I have been playing with the bot and it’s already great. Can I add a voice to enable semantic search? In my experiments so far this would make the bot much smarter, at least on our site. If I compare the results it finds and summarises or answers-using these are much worse than those it would use if it were doing semantic search.
Relatedly, is it possible to enable semantic search as the default when using
/? Again, I think most of our users would prefer the results. We have lots of knowledgebase type posts which don’t always use the keywords that people would actually say/search for but which are semantically related. This means a trad search tends to throw up lower-quality posts with people discussing issues informally, and are not the canonical answer to the question they have.
Can you share some example prompt/questions?
I too think the AI Bot is of great benefit for sites but my ideas of prompts/questions are not necessarily those of others and so looking for other prompts/questions for possible demonstration purposes.
Tbh even if you used the current semantic search as part of the bot workflow that would be cool. It works nicely now but just doesn’t have the right info context, even when the current semantic search would find them.
Would be great to have control over the prompts but I can see the ui is hard there too because it would be easy to break stuff with the wrong prompt. I think adding the concept of a persona for the bot which is entered as a system prompt might be a nice intro there.
Absolutely, this is something I really want, in fact I want forum admins to be allowed to craft custom personas with custom command sets
I can really see prompt tweaking being useful for us, although having done a bit of amateur “prompt engineering” for another project recently I think it will take a bit of handholding and lots of examples for people who are not familiar and the UI would probably benefit from a set of examples/default choices like “chatty/fun”, “neutral/accurate” through to “bookish/nerdy” to show how the persona wordings can can change the response.
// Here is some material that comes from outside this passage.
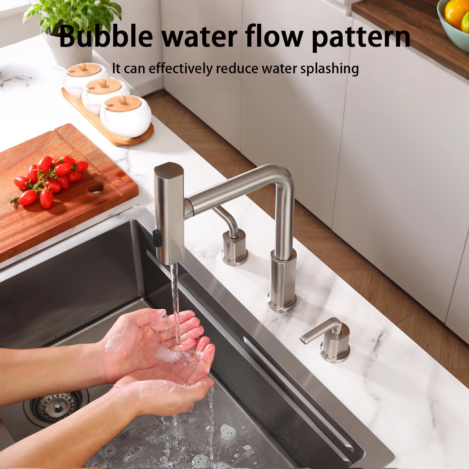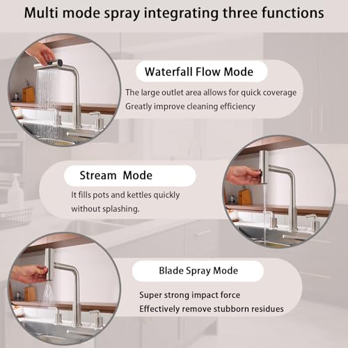 - One Faucet Three Ways: Conquer every kitchen task Utility touch Multi-functional kitchen sink faucet with sprayer with Waterfall、Stream& Sweep Modes to handle everything from filling large pots to rinsing delicate produce. The Pull Out Sprayer extends 18 inches, rotating freely to reach every corner of your sink. Engineered with resistant coatings to prevent scale buildup, it offers both functionality and effortless maintenance. Upgrade your kitchen experience today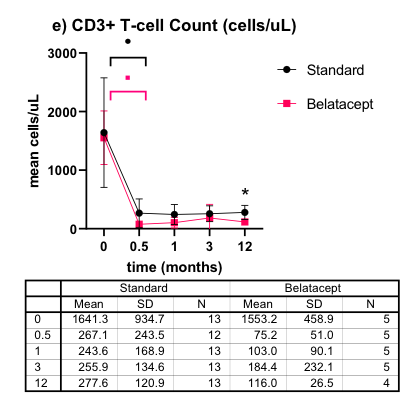Methods: Of 18 islet-transplant recipients, 5 were treated with Belatacept and sirolimus maintenance immunosuppression. Whole blood flow-cytometric immunophenotyping was performed using 45 cell markers at pre-transplantation (0-months), then 0.5-, 1-, 3- and 12-months post-transplantation. Mean cell proportions between drug groups were compared at each timepoint using Mann-Whitney U test, and against adult controls at 0-months. Non-parametric and regression analysis will be performed at 12-months comparing cell proportions against graft function according to the Igl’s criteria.

I have also found that gauging the effect of prompt wording changes can be quite hard because of the inherent randomness of the models, and also because the effects may vary by the subject matter of the prompt. It might be nice to develop a standard test suite of user-inputs and use these to give a dry-run of how persona or instruction changes would alter the bot outputs. I guess this would be useful for your team too… although once the test set gets big you end up with the issue of how to evaluate it without taking lots of time.
Another dimension that I think users might often want to tweak is how strictly the llm sticks to the source material provided in the prompt. In my testing you have the be quite explicit (and repetitive) in instructing the model not import knowledge from outside the context and make it clear (more instructions) that you would rather have no answer than bad answers. You can also control the degree to which the models “shows its workings” and cites sources/gives examples, and I think that is often a good way of avoid hallucinations/bullshit responses when the context doesn’t include the actual answer or relevant material.
One final comment … I can see here that you guys have been worried about costs and being frugal with tokens which I guess makes sense for very large sites. However for smaller or higher-financial-value applications (e.g. customer support) I actually don’t think it would be a big deal, and this is only going to go down over time. The cost of extra queries to separate classifiers which sanity check the response, or implement user-defined “guard rails”, would definitely be worth it for us. For example, we have found prompts like “does this answer contain information not found in these sources” to be quite diagnostic, and definitely worth running before presenting information to the users. GPT 3.5 is definitely fine for this sort of task, even if the main job ran with GPT4.